Abstract

INTRODUCTION: Choledochal cysts are cystic dilatations found within the intra and/or extrahepatic bile ducts. Untreated choledochal cysts can lead to increased risk for strictures, pancreatitis, cholangitis, gallbladder cancer, cholangiocarcinoma and pancreatic cancer. Early and accurate identification of choledochal cysts is crucial to determine appropriate medical and surgical planning. We present a case of a patient with a type 1 choledochal cyst with anomalous pancreaticobiliary malunion. CASE DESCRIPTION/METHODS: A 42-year-old female with a PMH of a cholecystectomy and known biliary cyst presented with acute onset abdominal pain. MRCP demonstrated a 5.5 cm fusiform dilatation of the common bile duct (CBD).

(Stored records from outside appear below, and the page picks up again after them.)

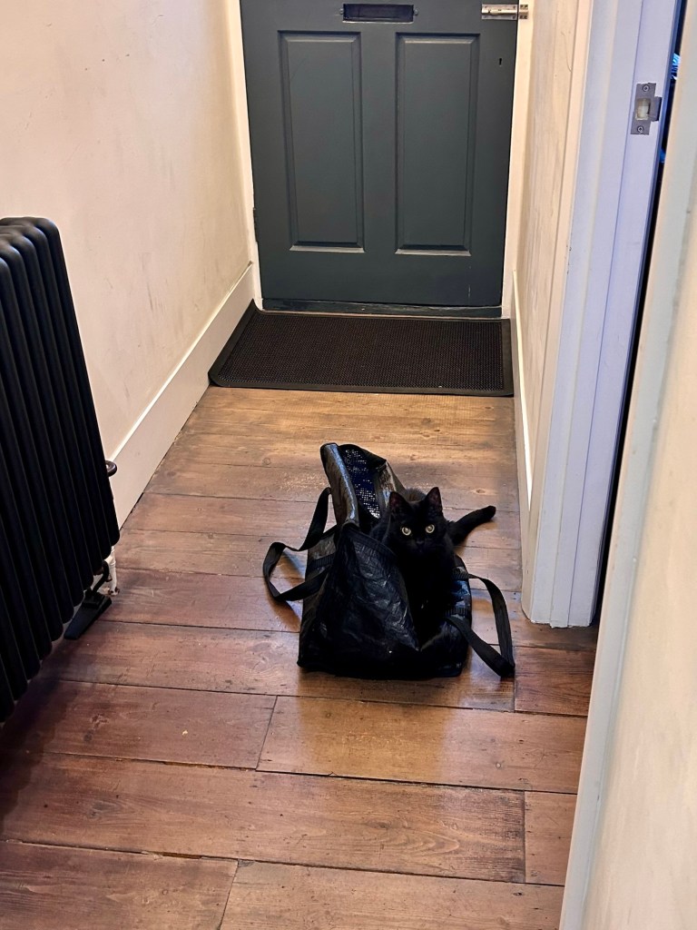 Catorze was glued to my side all through that night and the early hours of the next morning, which is something that hasn’t happened in a while. And, because I thought this was some sort of final adieu, I had a restless night’s sleep, constantly making sure that he was still breathing and that he wasn’t showing any signs of a fractured skull (not that I have the slightest idea what signs of a fractured skull looks like). But, the next day, Catorze was back to “normal” and up to his usual tricks of, erm, sleeping in a freezer bag, and drinking from our old wok which Cat Daddy put outside as a bird bath.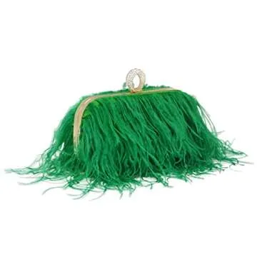 Miuco Women Feather Clutch Purse Shoulder Crossbody Bag Evening Handbags (Green)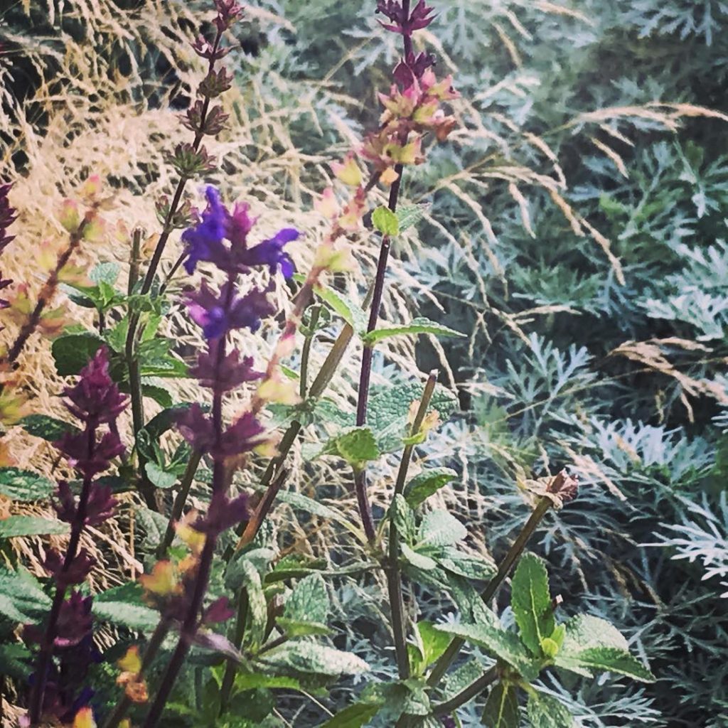 The ridiculously long flowering #salvia ‘Caradonna’ with #deschampsia cespitosa and #artemisia ‘Powis Castle’ – you wouldn’t think it was almost mid October #gardendesign #loveplants #autumn #plantsofinstagram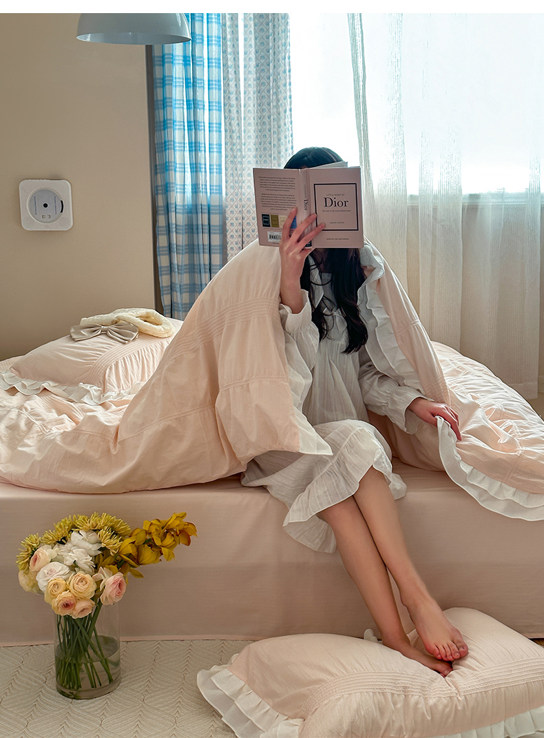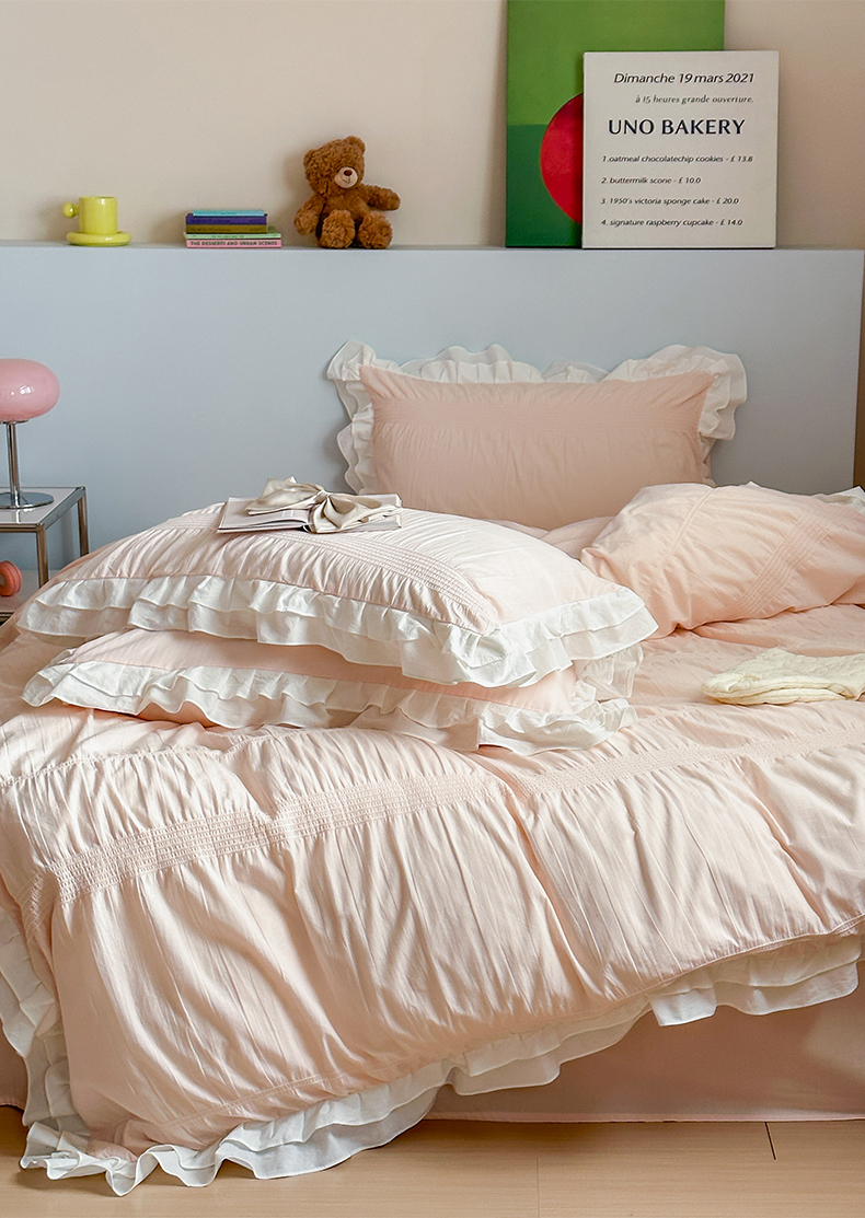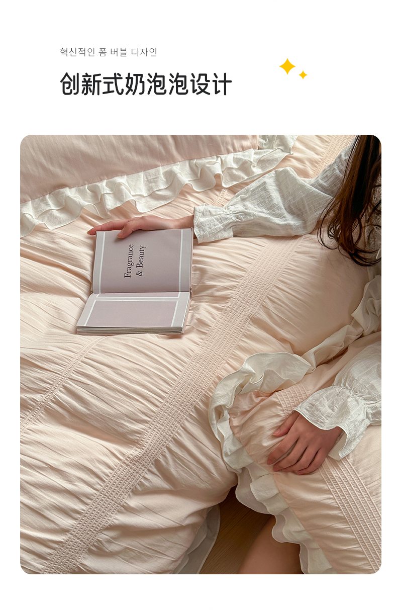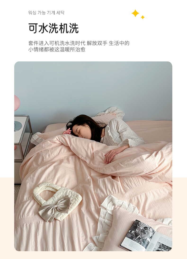 (总)尺素 2024新款韩版ins花边款双人1.8四件套水洗棉泡泡纱被套人字纹床单

EUS confirmed a CBD dilatation (Figure 1). ERCP with spyglass cholangioscopy showed an abnormal pancreaticobiliary junction with a common channel about 1 cm long leading to two separate openings, one to the CBD/choledochal cyst and another to the pancreatic duct orifice (Figure 2). Fluoroscopy showed contrast filling a dilated cystic structure in the proximal CBD consistent with a choledochal cyst (Figure 3). A 7 French × 7 cm flex stent was deployed into the CBD. Findings were consistent with a type 1 choledochal cyst and an anomalous pancreaticobiliary malunion. Patient underwent ex-lap with resection of the choledochal cyst with roux-en-y hepaticojejunostomy creation, which she tolerated well. DISCUSSION: The Todani classification is based on cyst location and bile duct dilatation. There are 5 types with type 1 as the most common which comprises of 80-90% of all choledochal cysts. Type 1 choledochal cysts involve fusiform dilatation of the entire CBD without any intrahepatic dilatation. Cancer is more common in patients who are older and with type I and IV cysts. These are typically treated with complete cyst resection and Roux-en-Y hepaticojejunostomy. Additionally, 50-80% of patients with choledochal cysts have an anomalous pancreaticobiliary malunion. The KOMI classification is used to classify anomalous pancreaticobiliary malunions into 3 types, which is based on the CBD/pancreatic duct angle and presence of CBD dilation. This case was a KOMI type IIB anomalous pancreaticobiliary malunion given the common hepatic and pancreatic ducts join each other at an acute angle creating a single common channel.